Incidence and clinical characteristics of pulmonary hypertension in patients with idiopathic pulmonary fibrosis

Abstract

Background: Pulmonary hypertension (PH) frequently complicates the course of idiopathic pulmonary fibrosis (IPF) patients and is associated with significantly worse outcomes. The aim of the present study was to investigate the incidence of PH in IPF patients and evaluate the correlation between clinical parameters and systolic pulmonary artery pressure (sPAP).

Methods: Hospitalized patients with IPF, who were evaluated for sPAP by Doppler echocardiography from January 2004 to December 2011, were enrolled in our study. Patients were defined as PH by an estimated sPAP > 50 mmHg and graded as PH likely, PH possible and PH unlikely, based on the 2009 European Society of Cardiology/European Respiratory Society PH Guidelines. The correlations between clinical parameters and sPAP were analyzed by multiple linear regression.

Results: Totally, 119 IPF patients were enrolled in our study and 28 (23.5%), 20 (16.8%) and 71 (59.7%) patients were PH likely, PH possible and PH unlikely, respectively. Borg dyspnea score was positively correlated with sPAP, r = 0.467, P < 0.001. Oxygen saturation was negatively correlated with sPAP, r = -0.416, P < 0.001. Diffusing capacity of the lung for carbon monoxide percentage predicted was negatively correlated with sPAP, r = -0.424, P = 0.003. N-terminal fragment of pro-brain natriuretic peptide and pulmonary artery width was positively correlated with sPAP, r = 0.452, P = 0.011 and r = 0.513, P < 0.001, respectively.

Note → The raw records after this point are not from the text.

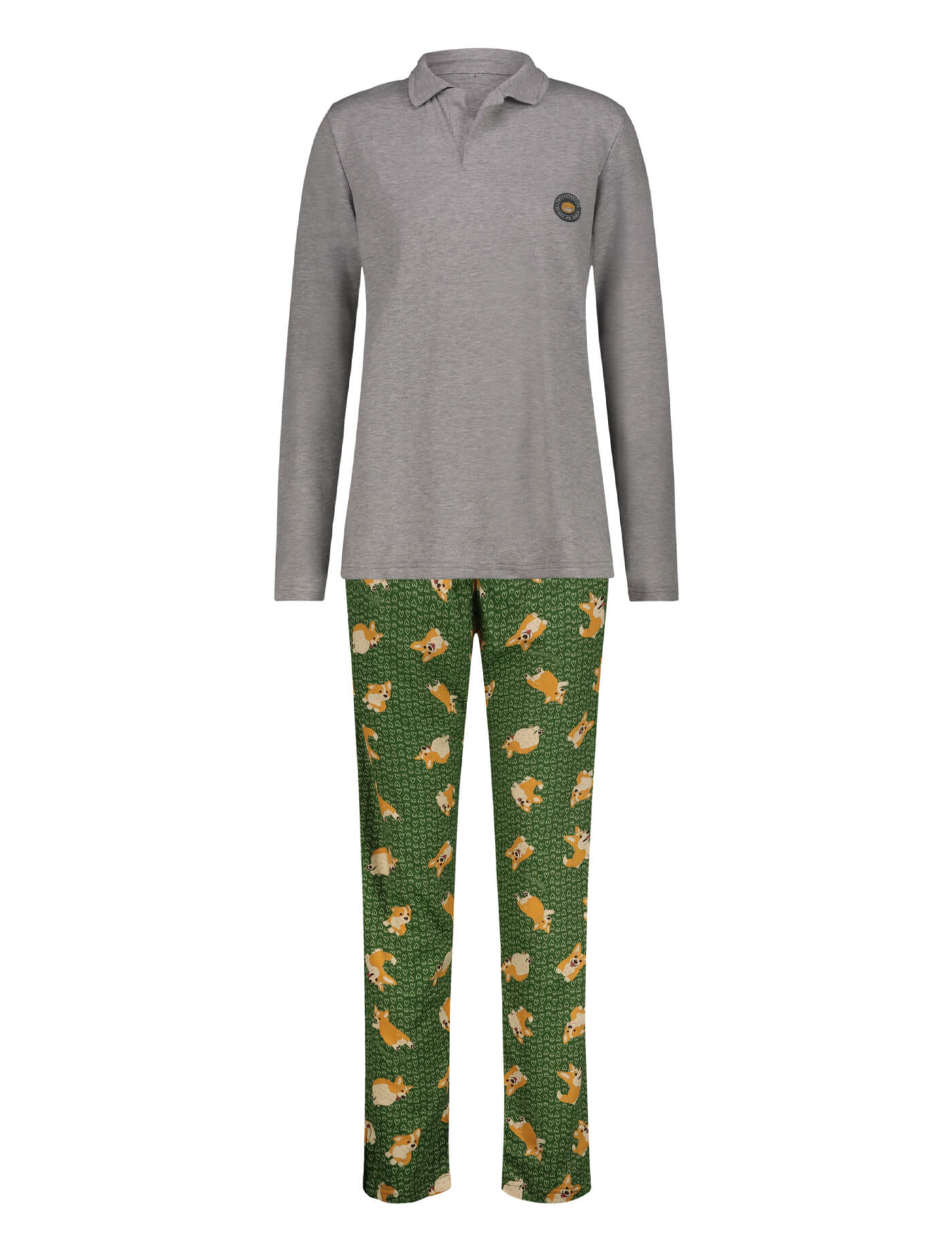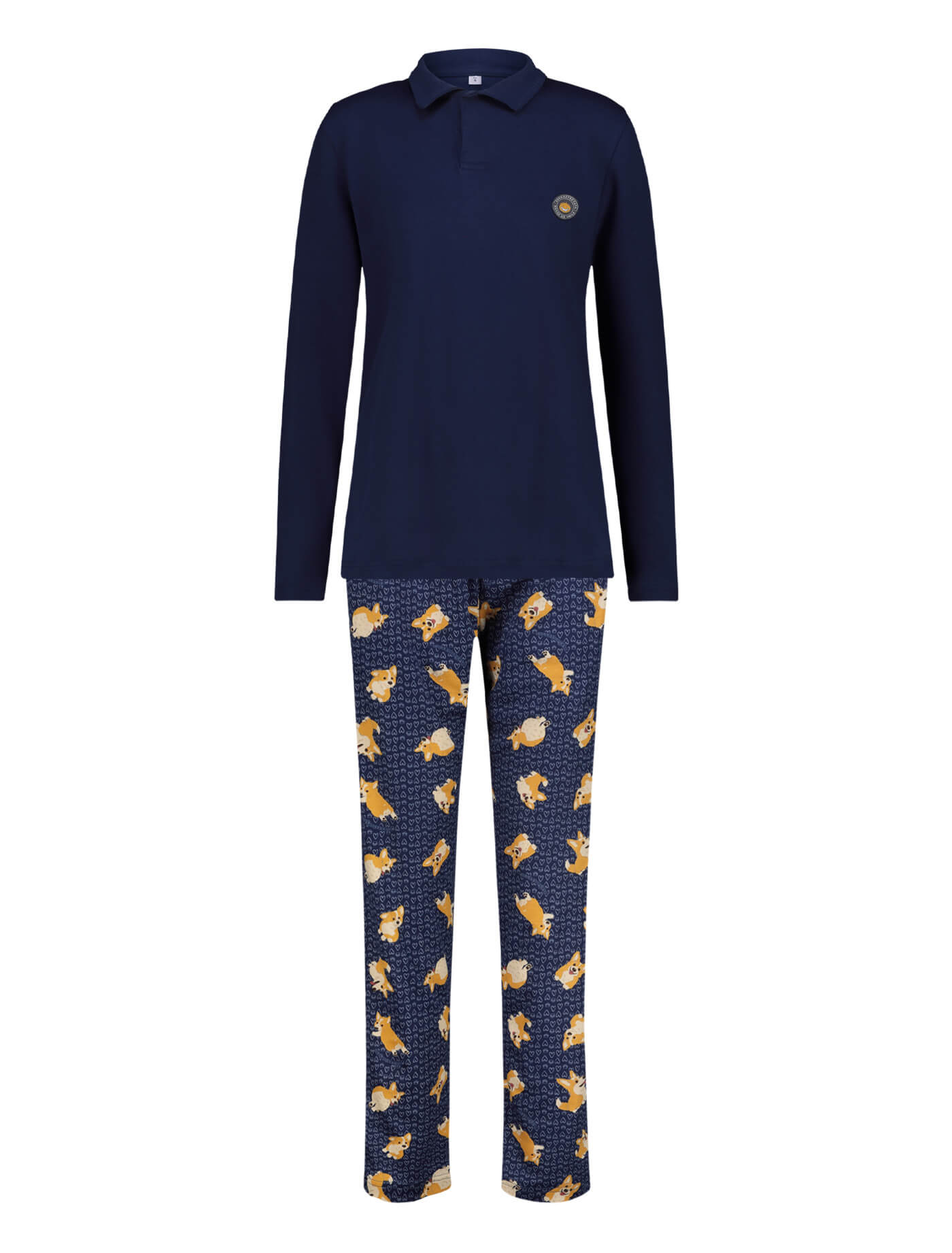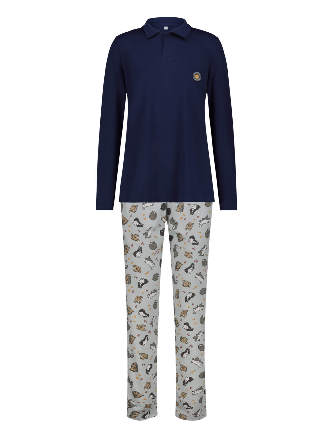 Pigiama uomo composto da maglia in tinta unita e pantalone con elastico e coulisse realizzato in divertenti fantasie in morbido interlock elasticizzato.
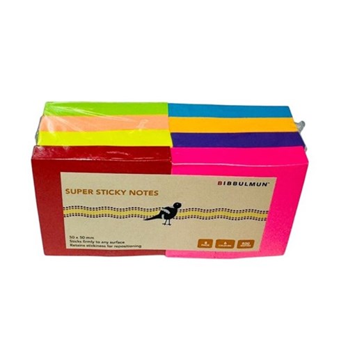 Bibbulmun Super Sticky Notes 50 x 50mm Assorted Pack Of 24
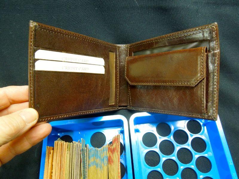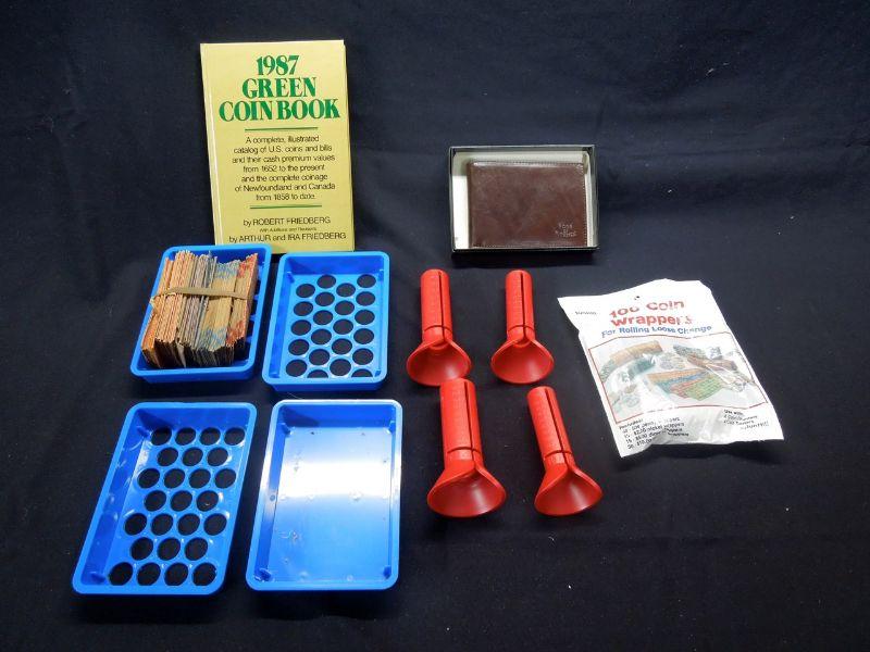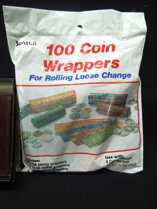 Nice brand new leather wallet, coin sorting sleeves, trays and tubes. Book on coin values.
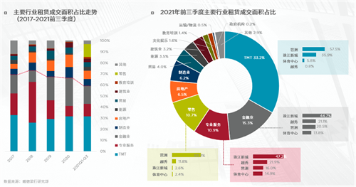 近期隨著圍繞教育的相關政策陸續(xù)發(fā)布,線上教育與游戲類企業(yè)對于擴張與置換物業(yè)表現(xiàn)謹慎。一些業(yè)主為了減少樓宇的空置時間,主動讓價以提升項目入駐率。專業(yè)服務、金融業(yè)、TMT仍然是需求主力。其中專業(yè)服務業(yè)成交占比居首,較上季度擴大5.5個百分點。以律所、保險為代表的細分行業(yè)租戶選擇搬遷至面積更大或品質更高的辦公空間,如盈科律師事務所租下周大福金融中心近4000平方米辦公室。另一方面,盡管TMT在三季度的成交占比有所下降,但擴張的需求仍然更多的來自于成長中的互聯(lián)網與科技類企業(yè)。例如快手租下廣電平云廣場5000平方米辦公室用于擴租。
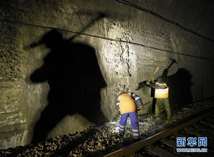 1月7日,在加格達奇工務段西羅奇嶺二號隧道,西羅奇維修工隊工作人員進行隧道除冰作業。新華社記者王毓國攝
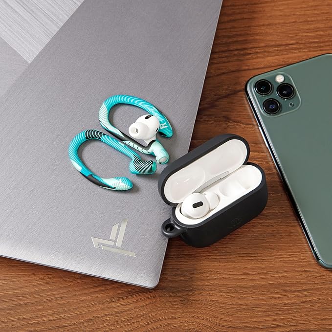 WC HookZ - Patented Upgraded Over Ear Hooks for AirPods Pro 1, 2 & AirPods 1, 2 & 3- Two Size Pairs Included in Package, Unique Left & Right Hook, Made by Wicked Cushions | Cyan Prism
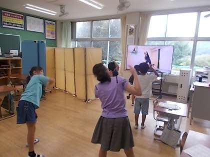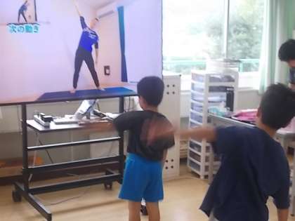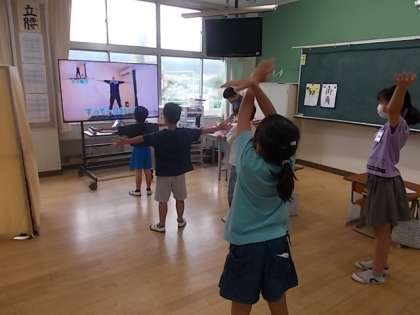 わかくさ学級の子どもたちが,朝の体操をしています。朝から体を動かすと,脳も活性化され,集中力アップにもつながります。
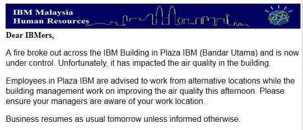 IBM Malaysia Sdn Bhd has also sent out a memo to all of its employees to urge them to work from alternative locations, citing the “air quality in the building” due to the fire. “Employees in Plaza IBM are advised to work from alternative locations while the building management work on improving the air quality this afternoon. Please ensure your managers are aware of your work location,” the memo said.

Conclusions: The incidence of PH in IPF patients was 23.5% in a single center of China. PH may worsen the dyspnea, right heart dysfunction and decrease the life quality of the patients with IPF.

Figure 1

Flow chart of the study population enrollment. ILD: Interstitial lung disease; CTD: Connective tissue disease; IPF: Idiopathic pulmonary fibrosis.

Figure 2

Correlation analysis between the pulmonary artery width and NT-pro BNP with sPAP in IPF patients, respectively. (a) A positive correlation was found between the pulmonary artery width and sPAP in subjects with IPF (r = 0.513, P < 0.001); (b) A positive correlation was found between NT-pro BNP and sPAP in subjects with IPF (r = 0.452, P = 0.011). Analysis was performed with the Spearman rank correlation coefficient and Pearson rank correlation coefficient. sPAP: Systolic pulmonary artery pressure; NT-pro BNP: N-terminal fragment of pro-BNP; IPF: Idiopathic pulmonary fibrosis.